Task details: Starting at the line holding "先进个人代表周玉辉、许文俊、" and finishing at the line holding "For small non-profits", transcribe the material exactly, keeping both ends but no pictures.

Entries supplied:

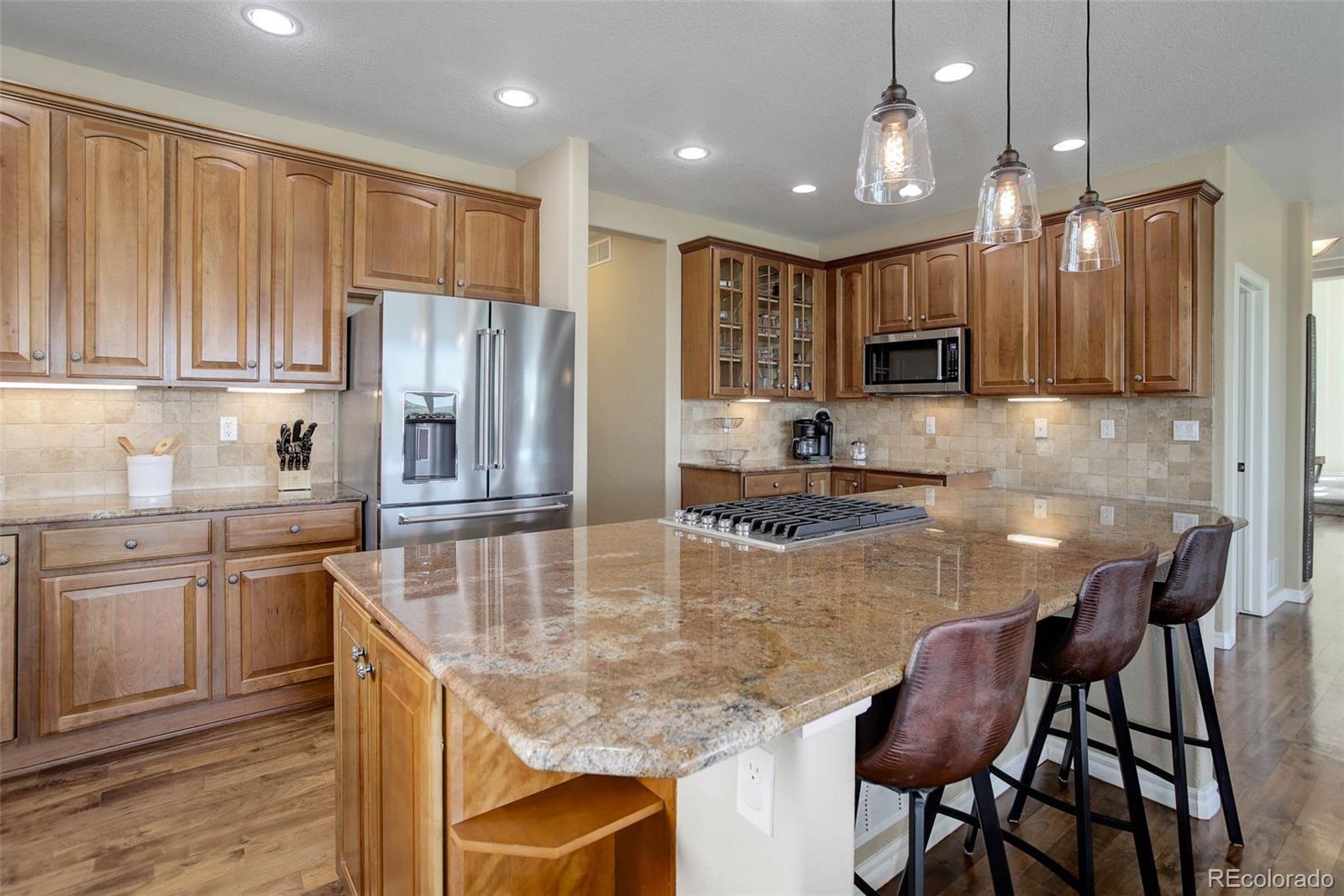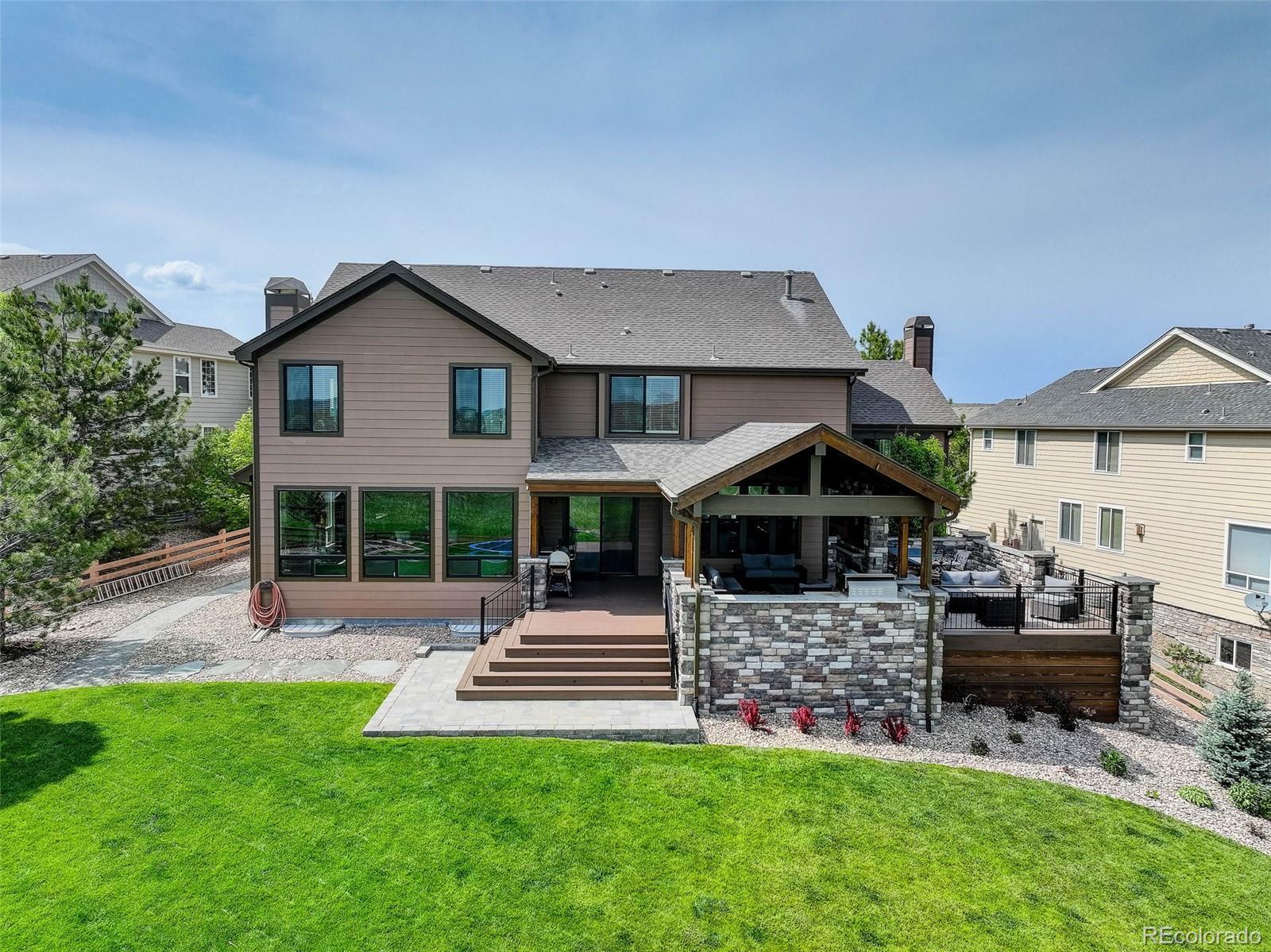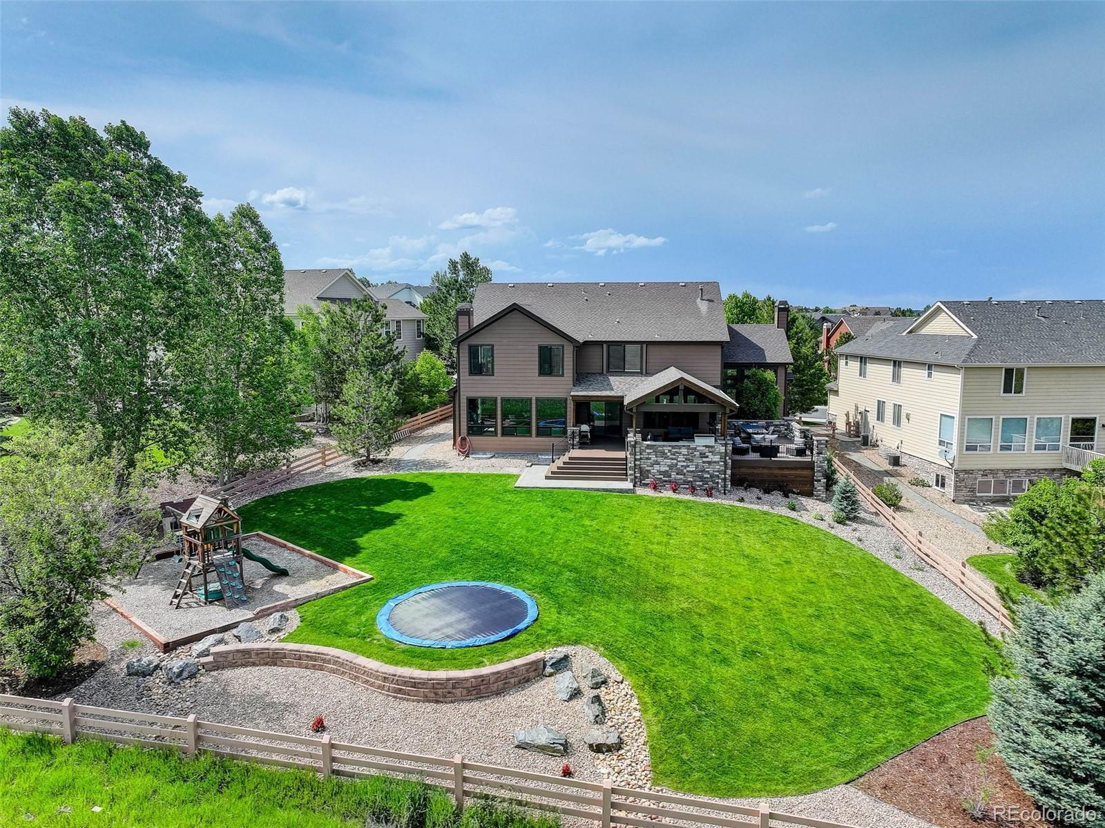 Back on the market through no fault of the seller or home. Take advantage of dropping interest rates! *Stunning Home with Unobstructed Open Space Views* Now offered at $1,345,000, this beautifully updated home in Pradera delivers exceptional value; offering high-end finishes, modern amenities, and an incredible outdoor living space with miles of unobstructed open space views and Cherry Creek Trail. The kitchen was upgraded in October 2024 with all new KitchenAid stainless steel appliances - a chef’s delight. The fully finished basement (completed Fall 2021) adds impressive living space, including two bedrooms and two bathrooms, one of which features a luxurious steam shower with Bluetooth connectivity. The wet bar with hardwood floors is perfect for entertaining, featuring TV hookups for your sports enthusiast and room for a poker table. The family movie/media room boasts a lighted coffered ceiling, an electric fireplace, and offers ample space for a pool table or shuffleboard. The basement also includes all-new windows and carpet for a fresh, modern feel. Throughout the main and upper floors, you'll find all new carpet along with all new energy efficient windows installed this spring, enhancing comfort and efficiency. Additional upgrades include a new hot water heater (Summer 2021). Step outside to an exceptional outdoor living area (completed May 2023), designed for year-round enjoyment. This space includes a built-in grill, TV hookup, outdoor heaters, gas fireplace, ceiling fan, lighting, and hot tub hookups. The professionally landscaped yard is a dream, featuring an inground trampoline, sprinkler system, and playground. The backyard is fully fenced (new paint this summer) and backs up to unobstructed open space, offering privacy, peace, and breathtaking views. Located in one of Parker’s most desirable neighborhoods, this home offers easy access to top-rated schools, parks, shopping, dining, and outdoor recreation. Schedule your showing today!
* * *
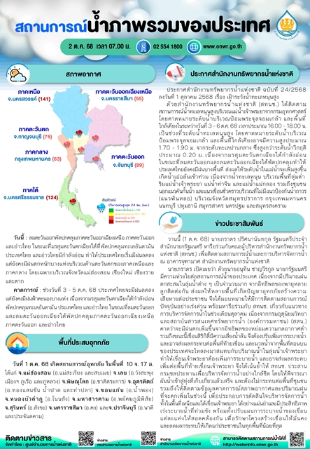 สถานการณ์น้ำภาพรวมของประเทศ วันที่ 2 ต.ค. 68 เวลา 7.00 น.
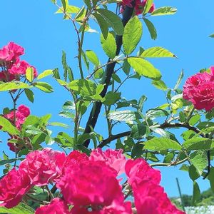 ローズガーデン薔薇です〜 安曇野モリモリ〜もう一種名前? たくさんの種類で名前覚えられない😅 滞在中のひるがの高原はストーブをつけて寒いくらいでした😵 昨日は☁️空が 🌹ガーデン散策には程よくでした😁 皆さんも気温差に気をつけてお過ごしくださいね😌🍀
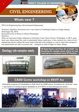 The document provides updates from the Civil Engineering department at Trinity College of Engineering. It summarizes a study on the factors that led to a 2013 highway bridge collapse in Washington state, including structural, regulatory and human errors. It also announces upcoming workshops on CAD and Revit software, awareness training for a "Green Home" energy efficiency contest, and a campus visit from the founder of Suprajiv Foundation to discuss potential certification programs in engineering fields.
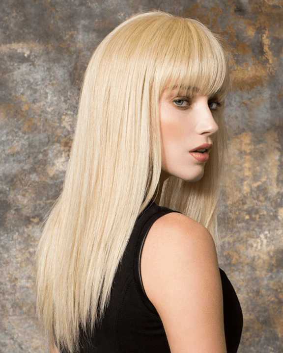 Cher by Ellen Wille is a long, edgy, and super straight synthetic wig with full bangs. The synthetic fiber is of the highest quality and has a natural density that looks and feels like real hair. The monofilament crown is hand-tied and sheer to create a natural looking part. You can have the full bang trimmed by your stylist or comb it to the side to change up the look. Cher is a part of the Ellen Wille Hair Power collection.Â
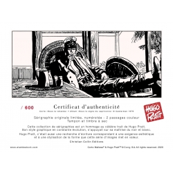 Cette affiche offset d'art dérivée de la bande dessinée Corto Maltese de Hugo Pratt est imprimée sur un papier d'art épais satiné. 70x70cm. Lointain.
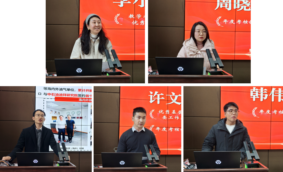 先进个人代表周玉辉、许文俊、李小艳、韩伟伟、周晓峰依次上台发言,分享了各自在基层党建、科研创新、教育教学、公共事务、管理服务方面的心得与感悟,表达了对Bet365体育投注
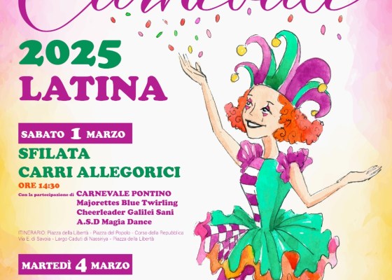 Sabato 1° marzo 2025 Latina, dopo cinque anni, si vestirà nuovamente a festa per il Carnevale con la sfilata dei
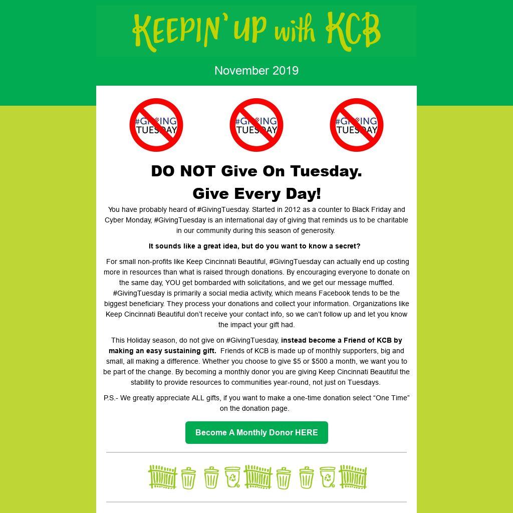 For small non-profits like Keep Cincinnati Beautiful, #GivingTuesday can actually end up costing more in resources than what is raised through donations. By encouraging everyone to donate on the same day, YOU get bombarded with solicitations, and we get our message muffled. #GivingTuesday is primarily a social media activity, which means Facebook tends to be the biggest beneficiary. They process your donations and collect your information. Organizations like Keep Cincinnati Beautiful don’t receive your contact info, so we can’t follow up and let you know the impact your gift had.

Response to this exercise:
 先进个人代表周玉辉、许文俊、李小艳、韩伟伟、周晓峰依次上台发言,分享了各自在基层党建、科研创新、教育教学、公共事务、管理服务方面的心得与感悟,表达了对Bet365体育投注
 Sabato 1° marzo 2025 Latina, dopo cinque anni, si vestirà nuovamente a festa per il Carnevale con la sfilata dei
 For small non-profits like Keep Cincinnati Beautiful, #GivingTuesday can actually end up costing more in resources than what is raised through donations. By encouraging everyone to donate on the same day, YOU get bombarded with solicitations, and we get our message muffled. #GivingTuesday is primarily a social media activity, which means Facebook tends to be the biggest beneficiary. They process your donations and collect your information. Organizations like Keep Cincinnati Beautiful don’t receive your contact info, so we can’t follow up and let you know the impact your gift had.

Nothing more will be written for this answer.